Pois stormy o teu post ia tudo bem até te referires às duas palmeiras em questão, pois são exóticas em Portugal, e poucos passaros poderão fazer lá ninhos nestas duas palmeiras, uma de clima semi árido(phoenix canarensis), e outra de clima arido(phoenix dactylifera).

E em relação aos pinheiros só temos 2 exclusivos a Portugal, o bravo(pinus pinaster) e o manso(pinus pinea) o resto são todos exóticos.

Tudo este reparo que fiz foi para Portugal continental.
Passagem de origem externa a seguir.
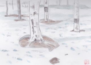 Ryuichiは、いつもゴンドラのソフト・パステルを使っています。パステルは、使いたいときにすぐに使える手軽さが気に入っています。Yokoは、固形水彩や水彩色鉛筆を使っています。ピグマ・ペンでしっかりした線描をした上に、淡彩を加えています。
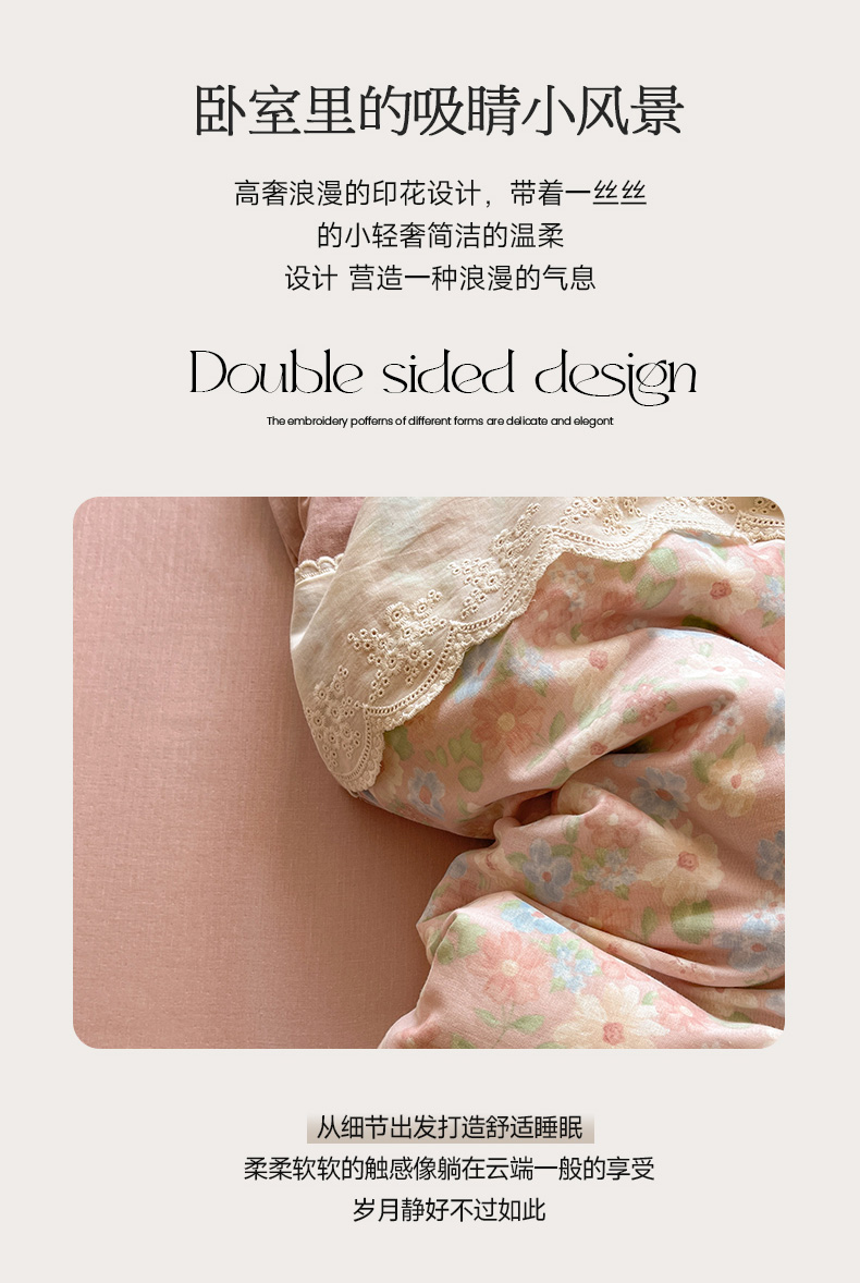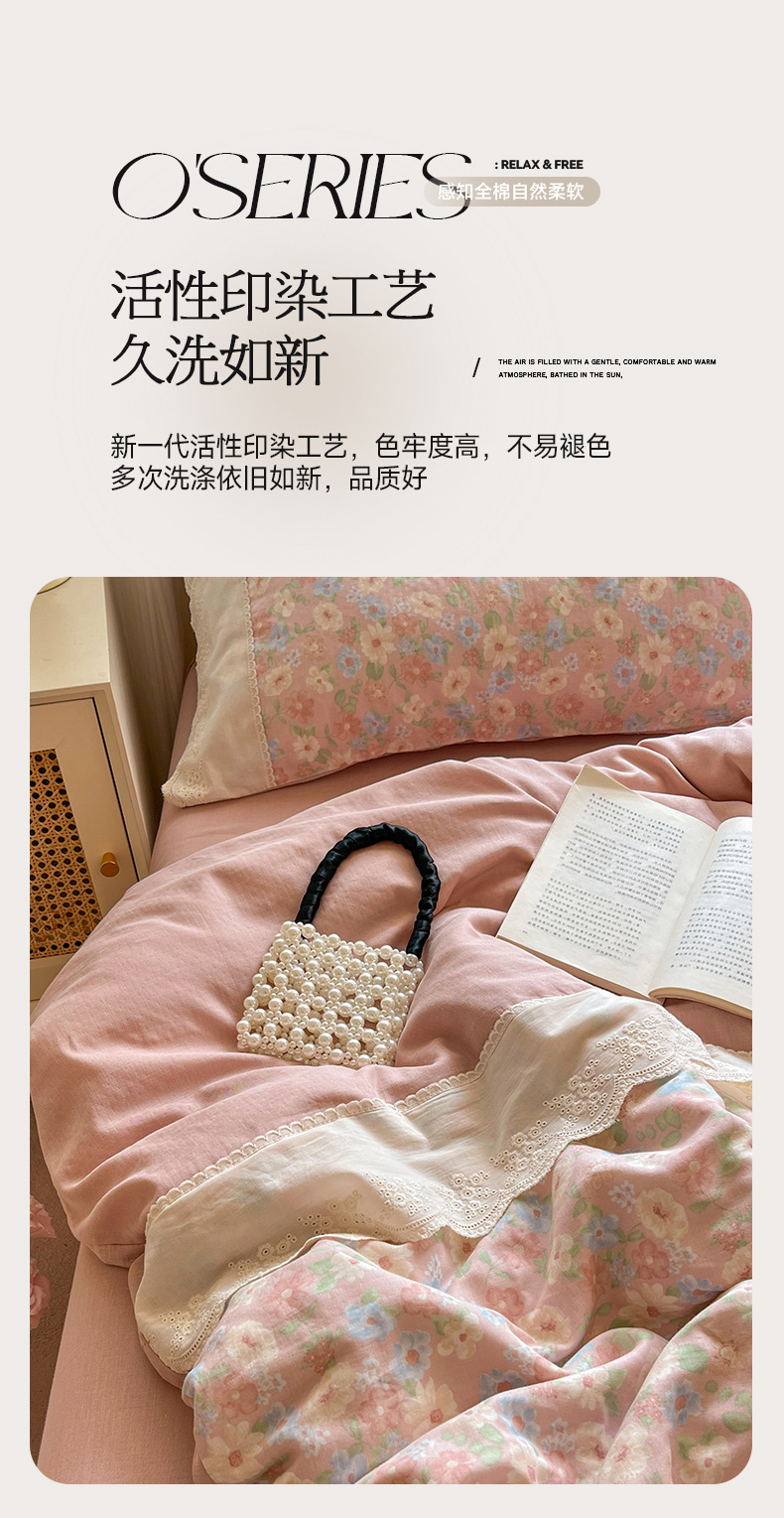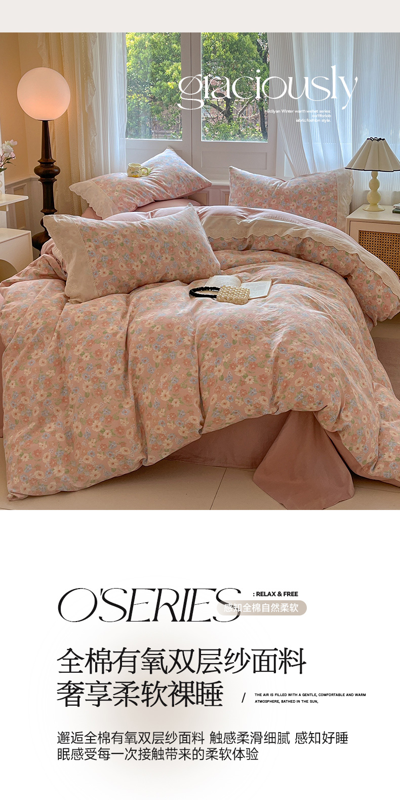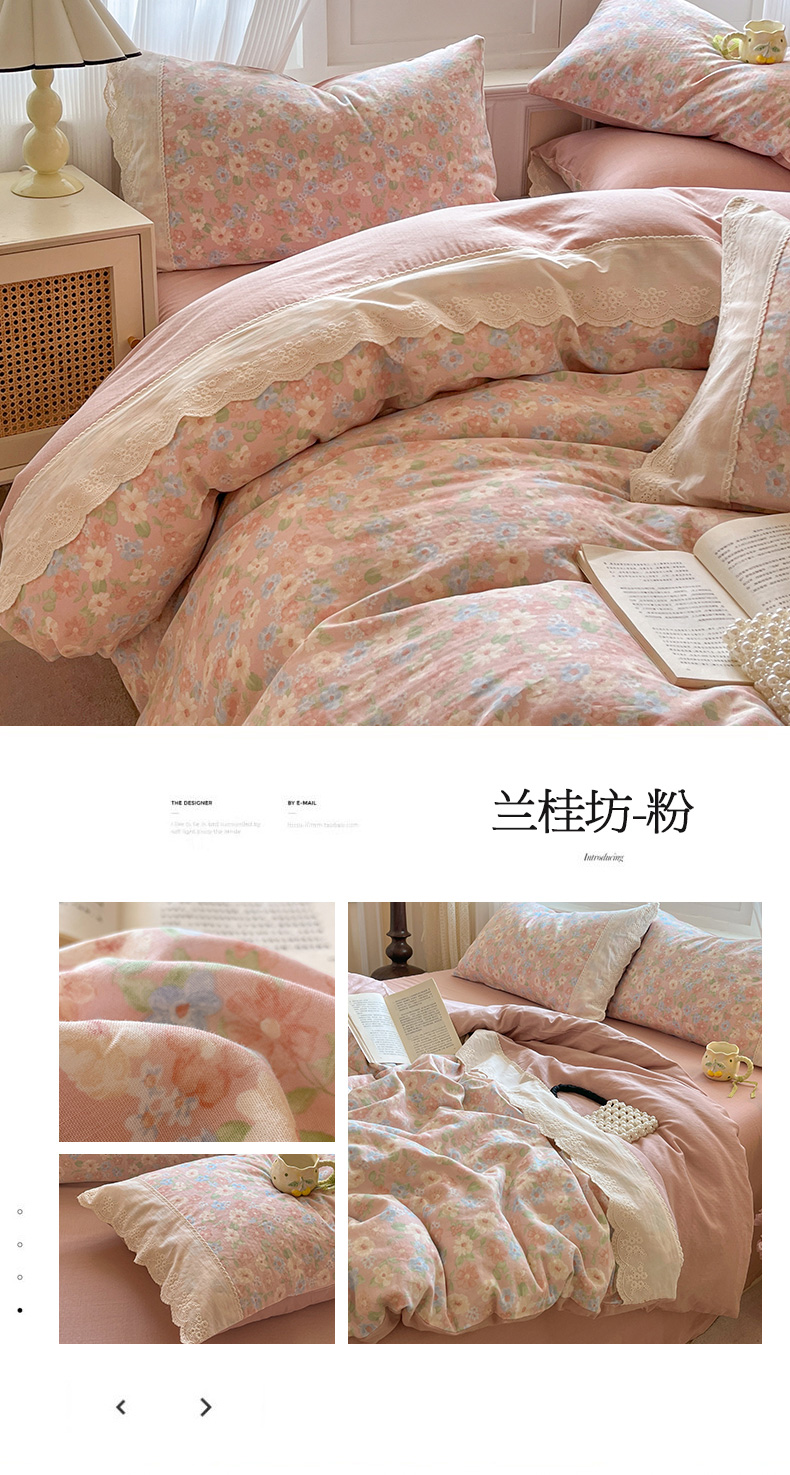 首尔2025新款全棉双层纱小碎花花边款四件套 兰桂坊-粉

Em relação à Phoenix dactylifera ela não pertence á floresta em questão.


----------



## stormy (15 Nov 2008 às 08:50)

psm disse:


> Pois stormy o teu post ia tudo bem até te referires às duas palmeiras em questão, pois são exóticas em Portugal, e poucos passaros poderão fazer lá ninhos nestas duas palmeiras, uma de clima semi árido(phoenix canarensis), e outra de clima arido(phoenix dactylifera).
> 
> E em relação aos pinheiros só temos 2 exclusivos a Portugal, o bravo(pinus pinaster) e o manso(pinus pinea) o resto são todos exóticos.
> 
> Tudo este reparo que fiz foi para Portugal continental. Em relação à Phoenix dactylifera ela não pertence á floresta em questão.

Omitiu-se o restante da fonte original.